* **REQUIREMENT**
Each line of the data below goes into the copy exactly; pictures do not.

(Records contained in a dataset)
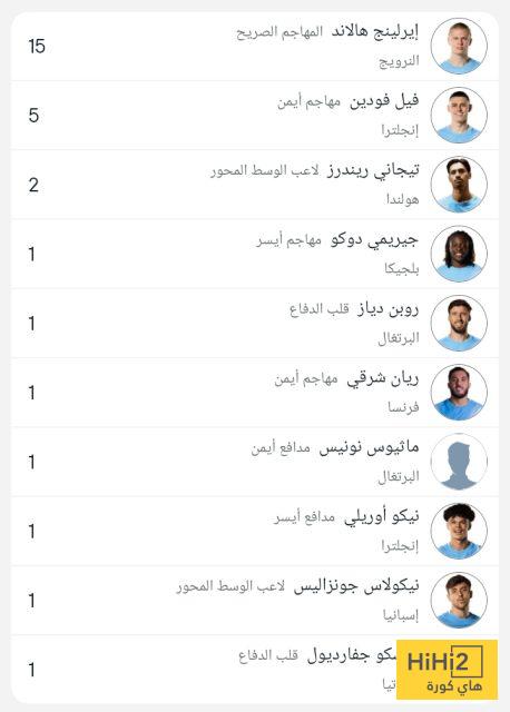 وجاءت قائمة هدافي السيتي كالتالي :
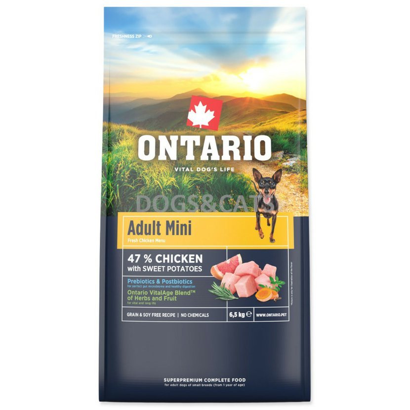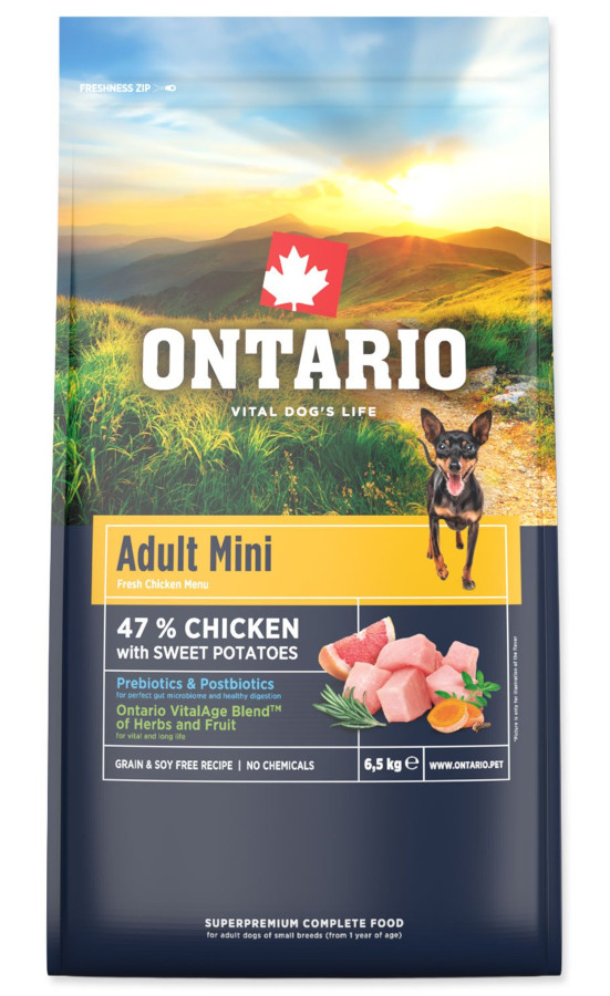 Čerstvé kuřecí (26%), dehydrovaná kuřecí bílkovina (21%), sladké brambory (13%), červená čočka (8%), bramborový škrob (7%), drůbeží tuk (konzervovaný přírodními tokoferoly) (6%), dehydrovaná krůtí bílkovina (4%), sušené řepné řízky (3%), hydrolyzovaná játra (2,5%), kvasnice, sušený kořen čekanky (2%), lněné semínko (1%), minerální látky, lososový olej (0,5%), extrakt z yuccy schidigery (0,5%), cholin chlorid (0,2%), směs sušených bylin a rostlinných extraktů 0,15% (0,1% sušený tymián, rozmarýn a petržel, 0,05% Ontario VitalAge Blend (rostlinné extrakty z grapefruitu, kurkumy, hřebíčku a rozmarýnu)), mannan-oligosacharidy (Active MOS 0,1%), chondroitin sulfát (270 mg/kg), glukosamin sulfát (200 mg/kg), Lacticaseibacillus paracasei HA - 108 inaktivovaný (7,5 x 10^9 buněk/kg).
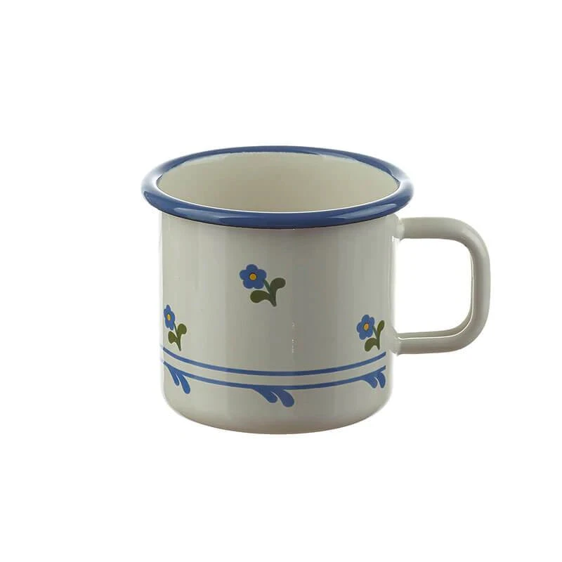 This cosy mug with with cream background and blue floral decoration is perfect for camping or just to make a beautiful everyday drink. Cuddle in with a hot cuppa!
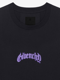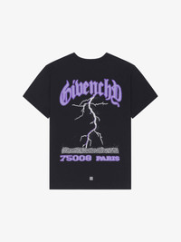 - Short-sleeved t-shirt in cotton. - Crew neck. - GIVENCHY signature printed on the front. - GIVENCHY signature and reflective lightning artwork printed on the back. - Small 4G emblem printed on the lower back. - Boxy fit. - Model measures 73.2 in and wears a size M.
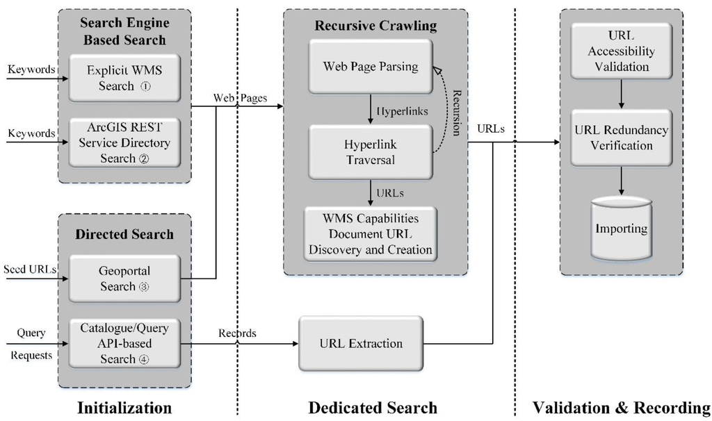 The WMSs investigated in this research were all collected from the World Wide Web by our active topic crawler [56]. The discovery workflow is illustrated in Figure 2. To collect as many WMSs as possible and to ensure the global coverage of collected WMSs, the crawler adopted a hybrid search strategy that integrates search engine-based search and directed search. Common search engines (e.g., Google and Bing) have powerful crawling and indexing capabilities that capture global web pages. Therefore, a search engine-based search guarantees the breadth of search and, therefore, ensures that our search can reach the regions of the web indexed by common search engines. More to the point, WMS is a type of domain-specific web resource, usually published through geospatial web portals and catalogues, such as the OGC Catalogue Service for the Web (CSW). We used directed search to make a dedicated search of these SDIs using standard APIs and web page crawling. Reputable SDIs (e.g., data.gov [31], GEOSS clearinghouse [30], EuroGEOSS broker [57]) and other geospatial web portals found through search engines were set as seed pages.
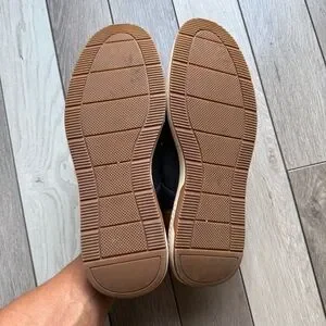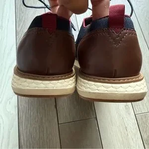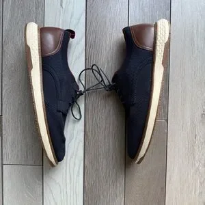 Elegant navy and brown oxfords. Perfect for versatile style.
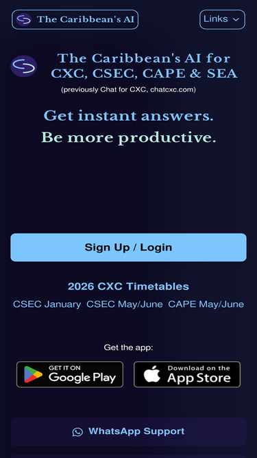 91%AI for SEA, CAPE, CSEC, Past Papers & University & now — make your own AI for your classes. Reliable Artificial Intelligence — made for the Caribbean.
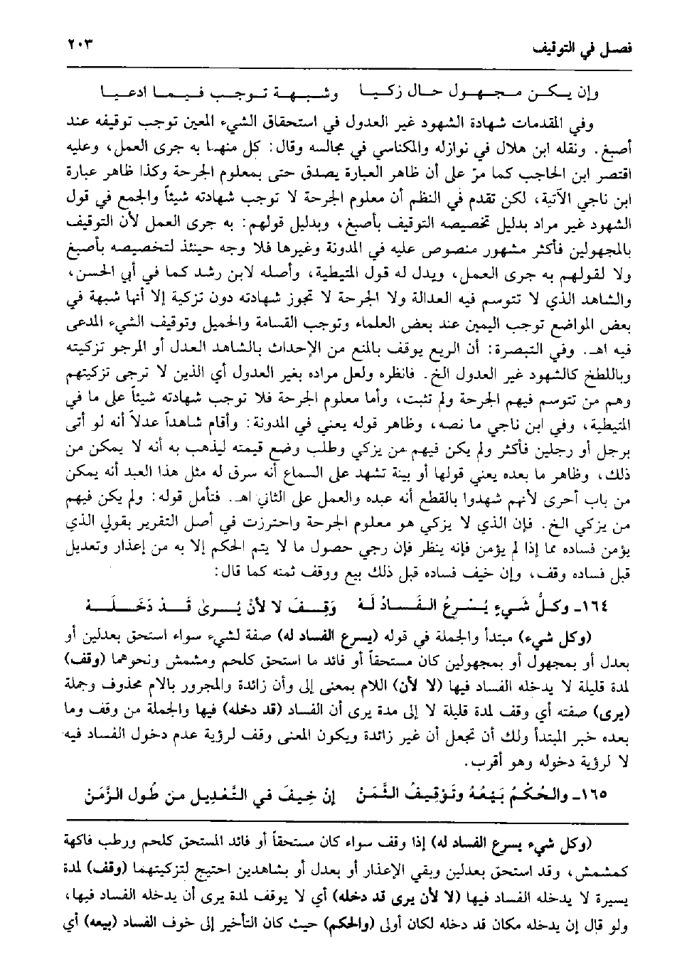1648 - ; قَدْ دَخَلَهْ (وكل شَيْء) مُبْتَدأ وَالْجُمْلَة فِي قَوْله (يسْرع الْفساد لَهُ) صفة لشَيْء سَوَاء اسْتحق بعدلين أَو بِعدْل أَو بِمَجْهُول أَو بمجهولين كَانَ مُسْتَحقّا أَو فائد مَا اسْتحق كلحم ومشمش وَنَحْوهمَا (وقف) لمُدَّة قَليلَة لَا يدْخلهُ الْفساد فِيهَا (لَا لِأَن) اللَّام بِمَعْنى إِلَى وَأَن زَائِدَة وَالْمَجْرُور بَالَام مَحْذُوف وَجُمْلَة (يرى) صفته أَي وقف لمُدَّة قَليلَة لَا إِلَى مُدَّة يرى أَن الْفساد (قد دخله) فِيهَا وَالْجُمْلَة من وقف وَمَا بعده خبر الْمُبْتَدَأ وَلَك أَن تجْعَل أَن غير زَائِدَة وَيكون الْمَعْنى وقف لرؤية عدم دُخُول الْفساد فِيهِ لَا لرؤية دُخُوله وَهُوَ أقرب. والحُكْمُ بَيْعُهُ وتَوْقِيفُ الثَّمَنْ إنْ خِيفَ فِي التَّعْدِيل من طُول الزَّمَنْ
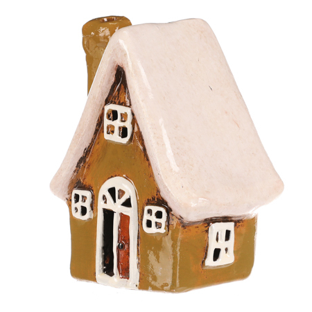 Keramický domek se stěnami v zelené barvě, bílými okny a bílou střechou je stylová dekorace na postavení, která se hodí pro podzimní i zimní výzdobu. Skvěle doplní sezónní aranžmá a vnese do interiéru příjemnější a veselejší atmosféru. číst celé
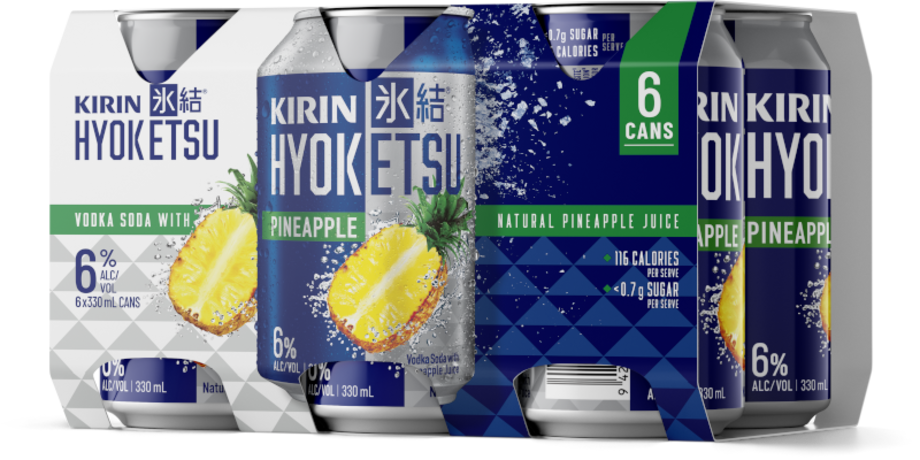 Kirin Hyoketsu Pineapple is made from vodka, soda and frozen natural pineapple juice, using Hyoten Toketsu technology to lock in the freshness and intensity of the natural pineapple flavour.
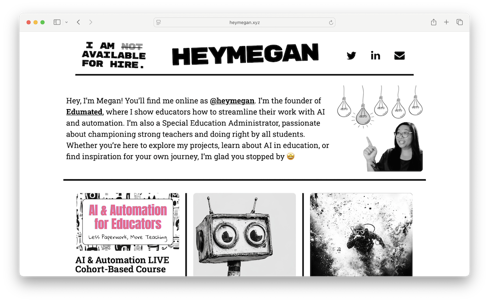 HeyMegan.xyz is the personal website of educator Megan Hsu, who also founded Edumated, which she describes as an initiative focused on helping educators learn to use AI and automation in their workflows. According to the website, she focuses on helping teachers and school staff explore how AI and automation can support lesson planning, documentation, and communication. Megan’s website introduces her background, links to project pages, and outlines her approach to sharing practical strategies for classroom environments. According to her website’s availability indicator, she is available for hire at the time of writing (November 24, 2025).
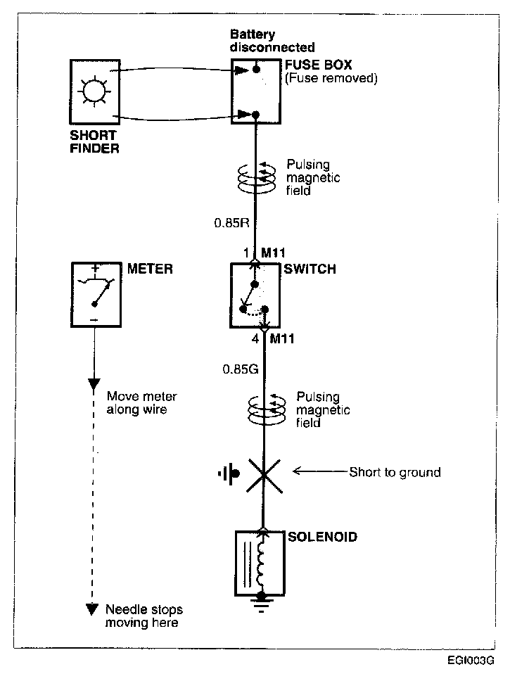 e. Beginning at the fuse box, slowly move the short tinder along the circuit wiring. The meter will show current pulses through sheet metal and body trim. As long as the meter is between the fuse and the short, the needle will move with each current pulse. Once the meter is moved past the point of the short, the needle will stop moving. Check around this area to locate the cause of the short circuit.

* **FINAL ANSWER**
 وجاءت قائمة هدافي السيتي كالتالي :
 Čerstvé kuřecí (26%), dehydrovaná kuřecí bílkovina (21%), sladké brambory (13%), červená čočka (8%), bramborový škrob (7%), drůbeží tuk (konzervovaný přírodními tokoferoly) (6%), dehydrovaná krůtí bílkovina (4%), sušené řepné řízky (3%), hydrolyzovaná játra (2,5%), kvasnice, sušený kořen čekanky (2%), lněné semínko (1%), minerální látky, lososový olej (0,5%), extrakt z yuccy schidigery (0,5%), cholin chlorid (0,2%), směs sušených bylin a rostlinných extraktů 0,15% (0,1% sušený tymián, rozmarýn a petržel, 0,05% Ontario VitalAge Blend (rostlinné extrakty z grapefruitu, kurkumy, hřebíčku a rozmarýnu)), mannan-oligosacharidy (Active MOS 0,1%), chondroitin sulfát (270 mg/kg), glukosamin sulfát (200 mg/kg), Lacticaseibacillus paracasei HA - 108 inaktivovaný (7,5 x 10^9 buněk/kg).
 This cosy mug with with cream background and blue floral decoration is perfect for camping or just to make a beautiful everyday drink. Cuddle in with a hot cuppa!
 - Short-sleeved t-shirt in cotton. - Crew neck. - GIVENCHY signature printed on the front. - GIVENCHY signature and reflective lightning artwork printed on the back. - Small 4G emblem printed on the lower back. - Boxy fit. - Model measures 73.2 in and wears a size M.
 The WMSs investigated in this research were all collected from the World Wide Web by our active topic crawler [56]. The discovery workflow is illustrated in Figure 2. To collect as many WMSs as possible and to ensure the global coverage of collected WMSs, the crawler adopted a hybrid search strategy that integrates search engine-based search and directed search. Common search engines (e.g., Google and Bing) have powerful crawling and indexing capabilities that capture global web pages. Therefore, a search engine-based search guarantees the breadth of search and, therefore, ensures that our search can reach the regions of the web indexed by common search engines. More to the point, WMS is a type of domain-specific web resource, usually published through geospatial web portals and catalogues, such as the OGC Catalogue Service for the Web (CSW). We used directed search to make a dedicated search of these SDIs using standard APIs and web page crawling. Reputable SDIs (e.g., data.gov [31], GEOSS clearinghouse [30], EuroGEOSS broker [57]) and other geospatial web portals found through search engines were set as seed pages.
 Elegant navy and brown oxfords. Perfect for versatile style.
 91%AI for SEA, CAPE, CSEC, Past Papers & University & now — make your own AI for your classes. Reliable Artificial Intelligence — made for the Caribbean.
1648 - ; قَدْ دَخَلَهْ (وكل شَيْء) مُبْتَدأ وَالْجُمْلَة فِي قَوْله (يسْرع الْفساد لَهُ) صفة لشَيْء سَوَاء اسْتحق بعدلين أَو بِعدْل أَو بِمَجْهُول أَو بمجهولين كَانَ مُسْتَحقّا أَو فائد مَا اسْتحق كلحم ومشمش وَنَحْوهمَا (وقف) لمُدَّة قَليلَة لَا يدْخلهُ الْفساد فِيهَا (لَا لِأَن) اللَّام بِمَعْنى إِلَى وَأَن زَائِدَة وَالْمَجْرُور بَالَام مَحْذُوف وَجُمْلَة (يرى) صفته أَي وقف لمُدَّة قَليلَة لَا إِلَى مُدَّة يرى أَن الْفساد (قد دخله) فِيهَا وَالْجُمْلَة من وقف وَمَا بعده خبر الْمُبْتَدَأ وَلَك أَن تجْعَل أَن غير زَائِدَة وَيكون الْمَعْنى وقف لرؤية عدم دُخُول الْفساد فِيهِ لَا لرؤية دُخُوله وَهُوَ أقرب. والحُكْمُ بَيْعُهُ وتَوْقِيفُ الثَّمَنْ إنْ خِيفَ فِي التَّعْدِيل من طُول الزَّمَنْ
 Keramický domek se stěnami v zelené barvě, bílými okny a bílou střechou je stylová dekorace na postavení, která se hodí pro podzimní i zimní výzdobu. Skvěle doplní sezónní aranžmá a vnese do interiéru příjemnější a veselejší atmosféru. číst celé
 Kirin Hyoketsu Pineapple is made from vodka, soda and frozen natural pineapple juice, using Hyoten Toketsu technology to lock in the freshness and intensity of the natural pineapple flavour.
 HeyMegan.xyz is the personal website of educator Megan Hsu, who also founded Edumated, which she describes as an initiative focused on helping educators learn to use AI and automation in their workflows. According to the website, she focuses on helping teachers and school staff explore how AI and automation can support lesson planning, documentation, and communication. Megan’s website introduces her background, links to project pages, and outlines her approach to sharing practical strategies for classroom environments. According to her website’s availability indicator, she is available for hire at the time of writing (November 24, 2025).
 e. Beginning at the fuse box, slowly move the short tinder along the circuit wiring. The meter will show current pulses through sheet metal and body trim. As long as the meter is between the fuse and the short, the needle will move with each current pulse. Once the meter is moved past the point of the short, the needle will stop moving. Check around this area to locate the cause of the short circuit.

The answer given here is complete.